Even though this is all obsolete, it is again made possible by a set of modifications and patches made to the open-source Asterisk PBX server. It allows users to dial into the system via a variety of access methods, including the regular public switched telephone network and SIP. The user is presented with a ringing line. The ringing can be disconnected and the trunk seized by playing a 2600 tone into the line. Thereafter, the call can be diverted to another number or to a series of internal recordings and functions that reside on the server/switch by playing MF or multi-frequency tones into the line. This is all perfectly legal, as the system is totally private. It is really more than a simulation. The call is going over a trunk group of 24 SF/MF trunks, although both sides of the trunks are terminated on the same PC. The hardware that makes this possible is two extra dedicated Ethernet cards on the PC running T1 over Ethernet protocol over a loopback Ethernet cable. Your incoming call gets looped over one of the 24 trunks before terminating back on the same switch, so you have 2600 and MF control.

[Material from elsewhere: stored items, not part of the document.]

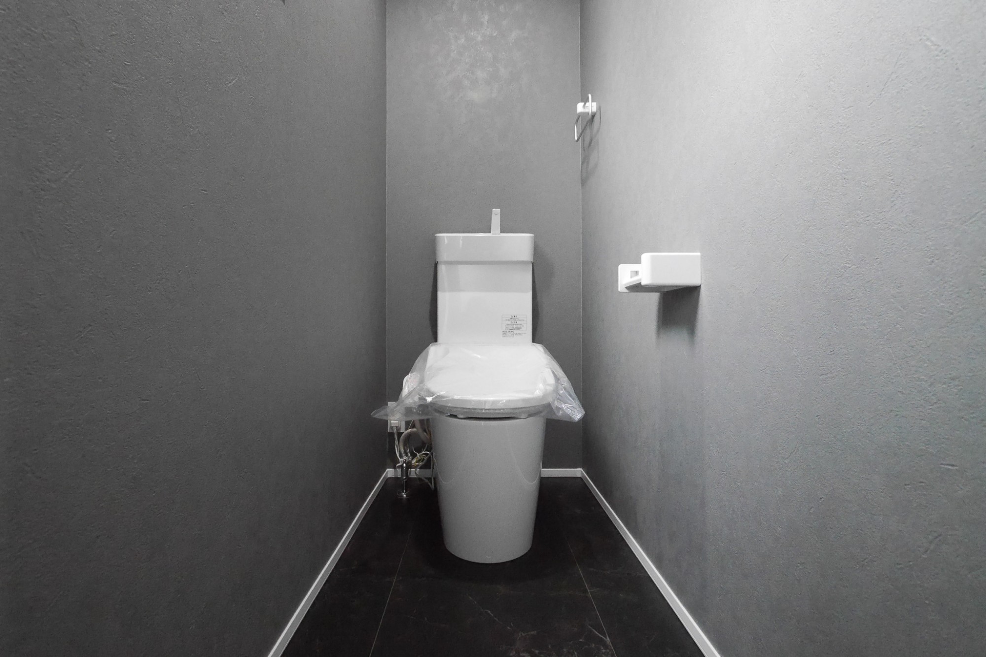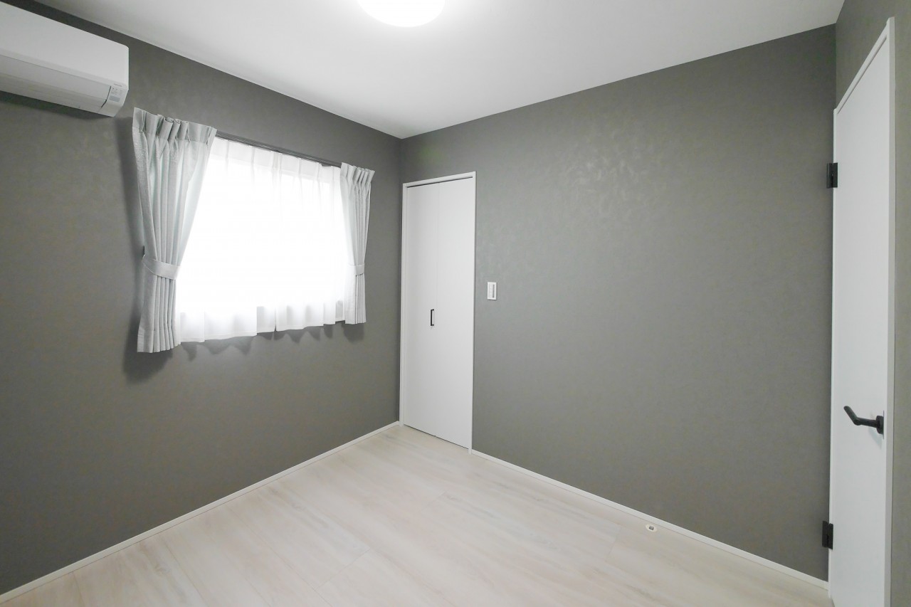 グレートーンのアクセントウォールが印象的な洋室。
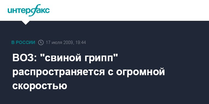 Женева. 17 июля. INTERFAX.RU - Вирус гриппа A/H1N1 распространяется с беспрецедентной скоростью, заявили в пятницу представители ВОЗ.
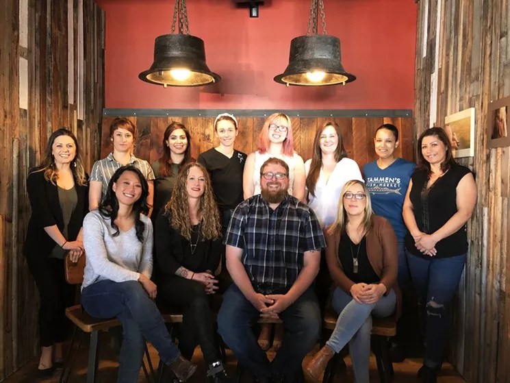 Donovan (top, second from left) was part of a group of women chefs and bartenders who joined Old Major for a fifth-anniversary celebration in 2018.

I have maintained a public ProjectMF system for over 7 years now. At last old-timers, aspiring phone phreaks, and the curious can experience the clandestine thrill of blue boxing their own calls! I have extended Phiber's original patches to add to the realism and reliability of the system. Lots of the old tricks are possible, including trunk "stacking",as illustrated in one of the Phonetrips recordings. Access is at +1-630-485-2995.
Step 2: Arduino Blue Box Operation Overview
YouTube video at: http://youtu.be/_KHAGNpQo-c
Step 3: Blue Box Construction Details
YouTube video at: http://youtu.be/tK45aoz0oD4
Step 4: Blue Box Manual and Software Configuration
YouTube video at: http://youtu.be/HLnmIA7fzJs
Step 5: Software and Construction Documentation Download Links
Download link for latest Arduino software and documentation: Download Link, or download the software, libraries and documentation package in a convenient .zip file directly from Instructables at the end of this step.
Note that the hardware and code are designed to work only with the newer Arduino Leonardo architecture boards that use the Atmega 32U4 chip. Older Arduino Uno-style boards will not work.
The Blue Box uses standard Arduino IDE libraries, plus some customized libraries that are included in the software distribution compressed .zip files. These libraries must be installed before attempting to configure and compile the software.
The software must be configured by un-commenting the correct "#define" statements at the beginning of the code, to match the hardware configuration used. See the manual for details.
Additional videos that highlight the operation of the various modes are on my YouTube channel at: https://www.youtube.com/user/df9999999999/videos
FIRMWARE UPDATE!! - 10/2/2015
I added a minor change to the sine wave table definition that was preventing the code from compiling with the newer Arduino IDEs. The sine table is stored in program memory. Newest IDEs require the "const" keyword before the table array definition.
The .zip file found here as well as at the download link now contains this change. No other code changes, so the version remains the same.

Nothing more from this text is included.